Dr Aird has recently completed a biography of Robert Curthose, a leader of the First Crusade.
Research Projects
Major Research Projects currently in hand by members of the Centre include the Ramla Urban project, directed by Denys Pringle and involving Peter Edbury and Andrew Petersen and scholars from the Universities of Glasgow, Oxford, St Andrews and Jerusalem, and the `Aqaba Castle project, directed by D. Pringle with Dr Johnny De Meulemeester of the University of Ghent and involving scholars from the Department of Antiquities of Jordan and the Oriental Institute in Chicago.

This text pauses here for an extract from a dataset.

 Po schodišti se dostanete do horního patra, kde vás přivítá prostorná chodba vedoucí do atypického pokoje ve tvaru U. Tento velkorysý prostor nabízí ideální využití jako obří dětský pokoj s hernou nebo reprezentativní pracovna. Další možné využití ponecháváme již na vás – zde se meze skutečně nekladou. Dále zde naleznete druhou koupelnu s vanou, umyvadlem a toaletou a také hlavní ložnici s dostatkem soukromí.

Peter Edbury's new edition of the Livre des Assises by John of Ibelin (Brill) appeared in September 2003, and more recently has been investigating the manuscript tradition of the Old French William of Tyre; his current projects include a new edition of the legal treatise by Philip of Novara.

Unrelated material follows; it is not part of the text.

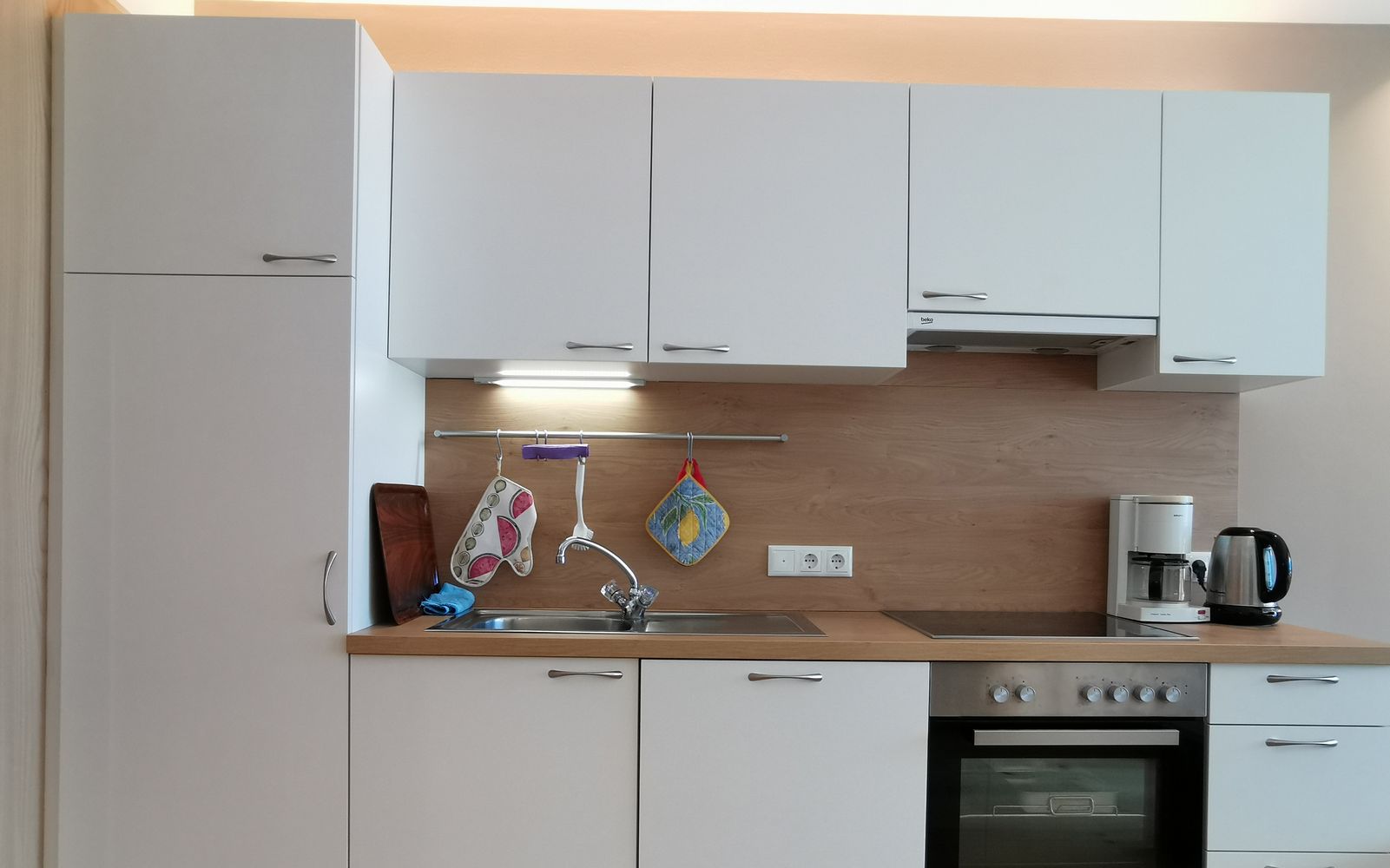 Fully fitted kitchen with dishwasher, refrigerator/freezer, oven, toaster, filter coffee and espresso maker, kettle, Plates, kitchen utensils and cutlery

Helen Nicholson is preparing a complete edition of the Templar trial proceedings in the British Isles, 1308-1311. Denys Pringle is preparing the fourth volume in his project on the Churches of the Crusader Kingdom of Jerusalem (Acre and Tyre) and beginning a project on thirteenth-century pilgrims to Jerusalem and the Holy Land. In 2007 Helen Nicholson, with Jochen Burgtorf and Paul Crawford, organised a series of conference sessions in commemoration of the beginning of the trial of the Templars. They are now editing the papers presented at these sessions for publication.
Conferences and Workshops
The Military Orders: Politics and Power: The Cardiff Centre for the Crusades hosted the fifth international conference of the Society for the Study of the Crusades in the Latin East on the Military Orders. It followed a similar pattern to the previous meetings held at St John's Gate (London), with three plenary sessions, and parallel sessions for communications. The conference was extremely successful. Almost 100 people attended: from Europe, North Africa, Canada and the USA. The proceedings of the conference will be edited by Professor Peter Edbury, assisted by an editorial committee. The costs of publication are assisted by a grant from the Seven Pillars of Wisdom Trust.